* _WORK REQUEST_: The lines to be set down run from the line containing "BDPL Cricket Premier" through the final line of the data below; print them exactly and print nothing else.

*** Opening MATERIAL TO PROCESS ***

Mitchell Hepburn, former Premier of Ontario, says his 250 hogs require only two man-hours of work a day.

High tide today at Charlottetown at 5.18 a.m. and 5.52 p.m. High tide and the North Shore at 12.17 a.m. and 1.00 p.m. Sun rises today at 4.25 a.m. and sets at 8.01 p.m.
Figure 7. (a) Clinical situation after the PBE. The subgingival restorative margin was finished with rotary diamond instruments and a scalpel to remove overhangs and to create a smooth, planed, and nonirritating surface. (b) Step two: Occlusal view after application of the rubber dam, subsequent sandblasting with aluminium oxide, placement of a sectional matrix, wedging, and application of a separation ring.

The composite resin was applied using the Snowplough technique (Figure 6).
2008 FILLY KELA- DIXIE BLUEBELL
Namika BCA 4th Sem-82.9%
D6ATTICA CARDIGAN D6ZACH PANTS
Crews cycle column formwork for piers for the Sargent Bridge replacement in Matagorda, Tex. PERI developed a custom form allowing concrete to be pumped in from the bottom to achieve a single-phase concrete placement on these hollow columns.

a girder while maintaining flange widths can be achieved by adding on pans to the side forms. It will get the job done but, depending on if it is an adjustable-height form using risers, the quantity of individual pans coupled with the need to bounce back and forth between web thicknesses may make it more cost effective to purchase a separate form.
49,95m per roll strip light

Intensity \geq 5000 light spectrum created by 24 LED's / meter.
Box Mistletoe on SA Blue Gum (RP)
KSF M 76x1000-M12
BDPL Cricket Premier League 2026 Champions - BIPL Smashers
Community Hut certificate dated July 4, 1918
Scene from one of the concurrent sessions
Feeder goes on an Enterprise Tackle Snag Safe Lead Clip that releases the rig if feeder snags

*** Closing MATERIAL TO PROCESS ***

* _RESPONSE BELOW_:
BDPL Cricket Premier League 2026 Champions - BIPL Smashers
Community Hut certificate dated July 4, 1918
Scene from one of the concurrent sessions
Feeder goes on an Enterprise Tackle Snag Safe Lead Clip that releases the rig if feeder snags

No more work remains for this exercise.